3-Ethyl-3,4-dihydroquinoxalin-2(1H)-one (4): Benzene-1,2-diamine (2) (1.07 g, 28.4 mmol) and 2-oxobutanoic acid (2.90 g, 28.4 mmol) were dissolved in 50 mL CH3OH, and the resulting solution was stirred overnight at room temperature. The resulting precipitate was collected via filtration over a Büchner funnel. The precipitate was washed with cold CH3OH and dried in a vacuum oven to yield 2.25 g (12.9 mmol, 46 %) of 4 as an off-white solid: 1H NMR (500 MHz, CDCl3) δ=11.25 (s, 1 H), 7.84 (d, J=8.1 Hz, 1 H), 7.52–7.45 (m, 1 H), 7.36–7.31 (m, 1 H), 7.28 (d, J=7.8 Hz, 1 H), 3.01 (q, J=7.4 Hz, 2 H), 1.38 ppm (t, J=7.4 Hz, 3 H); 13C NMR (126 MHz, CDCl3) δ=162.54, 156.24, 132.91, 130.97, 129.57, 128.85, 124.09, 115.31, 26.85, 10.85 ppm.

6,7-Dichloro-3,4-dihydroquinoxalin-2(1H)-one (5): 4,5-dichlorobenzene-1,2-diamine (3) (842 mg, 4.76 mmol) and 2-oxoacetic acid (715 mg, 4.83 mmol) were dissolved in CH3OH (50 mL) and stirred at room temperature for 30 min. The mixture was concentrated under reduced pressure, H2O was added, and the resulting mixture was extracted with EtOAc. The combined organic phases were dried over MgSO4 and concentrated under reduced pressure to yield 133 mg of 5 (0.62 mmol, 13 %) as a dark-brown solid: 1H NMR (250 MHz, DMSO) δ=8.19 (s, 1 H), 8.04 (s, 1 H), 7.45 ppm (s, 1 H).

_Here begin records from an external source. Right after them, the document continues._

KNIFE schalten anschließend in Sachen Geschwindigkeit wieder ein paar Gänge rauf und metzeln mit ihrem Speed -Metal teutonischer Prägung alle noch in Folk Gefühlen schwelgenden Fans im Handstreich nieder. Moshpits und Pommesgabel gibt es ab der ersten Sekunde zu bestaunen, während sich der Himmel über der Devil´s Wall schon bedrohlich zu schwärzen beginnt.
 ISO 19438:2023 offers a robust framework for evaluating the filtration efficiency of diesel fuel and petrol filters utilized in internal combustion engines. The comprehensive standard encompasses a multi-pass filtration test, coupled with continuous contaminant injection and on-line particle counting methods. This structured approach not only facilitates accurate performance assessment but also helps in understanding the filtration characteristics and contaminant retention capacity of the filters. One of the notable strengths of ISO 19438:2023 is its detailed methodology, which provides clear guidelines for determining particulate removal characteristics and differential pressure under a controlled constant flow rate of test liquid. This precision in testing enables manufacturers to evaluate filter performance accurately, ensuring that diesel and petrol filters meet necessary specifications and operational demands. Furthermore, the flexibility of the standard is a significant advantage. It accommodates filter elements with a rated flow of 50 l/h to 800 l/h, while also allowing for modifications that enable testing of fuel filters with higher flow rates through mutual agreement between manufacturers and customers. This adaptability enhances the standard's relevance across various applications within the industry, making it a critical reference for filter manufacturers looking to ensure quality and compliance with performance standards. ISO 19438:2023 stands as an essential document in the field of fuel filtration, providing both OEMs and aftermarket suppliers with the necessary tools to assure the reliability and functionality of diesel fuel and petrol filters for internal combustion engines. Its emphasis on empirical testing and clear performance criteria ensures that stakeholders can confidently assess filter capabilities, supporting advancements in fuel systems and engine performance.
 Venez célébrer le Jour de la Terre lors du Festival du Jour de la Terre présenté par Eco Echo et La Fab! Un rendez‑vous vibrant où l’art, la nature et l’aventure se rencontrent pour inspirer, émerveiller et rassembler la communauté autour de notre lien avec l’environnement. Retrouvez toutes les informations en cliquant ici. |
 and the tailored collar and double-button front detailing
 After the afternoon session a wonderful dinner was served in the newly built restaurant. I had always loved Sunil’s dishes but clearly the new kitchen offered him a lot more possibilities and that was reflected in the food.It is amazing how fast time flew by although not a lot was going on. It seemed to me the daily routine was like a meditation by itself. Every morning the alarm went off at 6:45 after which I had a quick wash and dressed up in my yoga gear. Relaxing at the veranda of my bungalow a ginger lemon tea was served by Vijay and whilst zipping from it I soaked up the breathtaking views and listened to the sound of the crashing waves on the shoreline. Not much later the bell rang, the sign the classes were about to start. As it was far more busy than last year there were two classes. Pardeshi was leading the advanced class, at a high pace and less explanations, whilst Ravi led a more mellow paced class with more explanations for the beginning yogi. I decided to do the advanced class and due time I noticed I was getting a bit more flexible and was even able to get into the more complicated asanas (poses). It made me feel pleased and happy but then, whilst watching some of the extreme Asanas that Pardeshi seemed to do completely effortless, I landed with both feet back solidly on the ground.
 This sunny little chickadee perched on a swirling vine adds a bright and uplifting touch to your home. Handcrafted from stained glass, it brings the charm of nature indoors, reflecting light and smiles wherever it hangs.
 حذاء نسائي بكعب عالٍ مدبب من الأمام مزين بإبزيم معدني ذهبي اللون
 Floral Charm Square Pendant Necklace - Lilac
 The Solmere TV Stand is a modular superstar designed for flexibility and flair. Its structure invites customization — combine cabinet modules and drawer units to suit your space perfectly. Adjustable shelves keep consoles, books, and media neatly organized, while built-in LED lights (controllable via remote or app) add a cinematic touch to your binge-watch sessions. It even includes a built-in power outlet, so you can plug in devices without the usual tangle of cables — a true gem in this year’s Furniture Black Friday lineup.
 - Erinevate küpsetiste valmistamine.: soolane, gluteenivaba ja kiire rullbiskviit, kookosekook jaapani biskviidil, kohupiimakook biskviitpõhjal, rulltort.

2-Ethyl-3-(4-methylpiperazin-1-yl)quinoxaline (6): A solution of 4 (1.64 g, 9.39 mmol) in phosphoryl trichloride (100 mL) was stirred at 100 °C for 1 h. The reaction mixture was then concentrated under reduced pressure. H2O was added to the remaining solid, then the mixture was extracted with CH2Cl2. The organic layers were combined, dried over Na2SO4, and concentrated under reduced pressure to yield 1.59 g (8.24 mmol, 88 %) of 2-chloro-3-ethylquinoxaline as a dark-pink solid: 1H NMR (250 MHz, CDCl3) δ=8.10–8.03 (m, 1 H), 8.02–7.95 (m, 1 H), 7.79–7.67 (m, 2 H), 3.17 (q, J=7.5 Hz, 2 H), 1.44 ppm (t, J=7.5 Hz, 3 H). Next, 2-chloro-3-ethylquinoxaline (555 mg, 2.88 mmol) was dissolved in N-methylpiperazine (2 mL), and the resulting solution was heated at 120 °C for 15 min using microwave (mw) radiation. After cooling to room temperature, excess N-methylpiperazine was removed under reduced pressure, and the product was purified over SiO2 (EtOAc/Et3N, 96:4, v/v) to yield 566 mg of 6 (2.21 mmol, 77 %) as a yellow solid: 1H NMR (250 MHz, CDCl3) δ=7.95–7.87 (m, 1 H), 7.85–7.78 (m, 1 H), 7.61–7.45 (m, 2 H), 3.43–3.31 (m, 4 H), 2.97 (q, J=7.4 Hz, 2 H), 2.68–2.58 (m, 4 H), 2.38 (s, 3 H), 1.41 ppm (t, J=7.4 Hz, 3 H); 13C NMR (126 MHz, CDCl3) δ=155.74, 154.15, 139.92, 138.88, 128.68, 128.01, 127.27, 126.57, 55.04, 49.67, 46.24, 27.70, 12.64 ppm; LCMS: tR=2.82 min, purity 95 %, [M+H]+ 257.00; HRMS m/z: [M+H]+ calcd for C15H21N4: 257.1761, found: 257.1763.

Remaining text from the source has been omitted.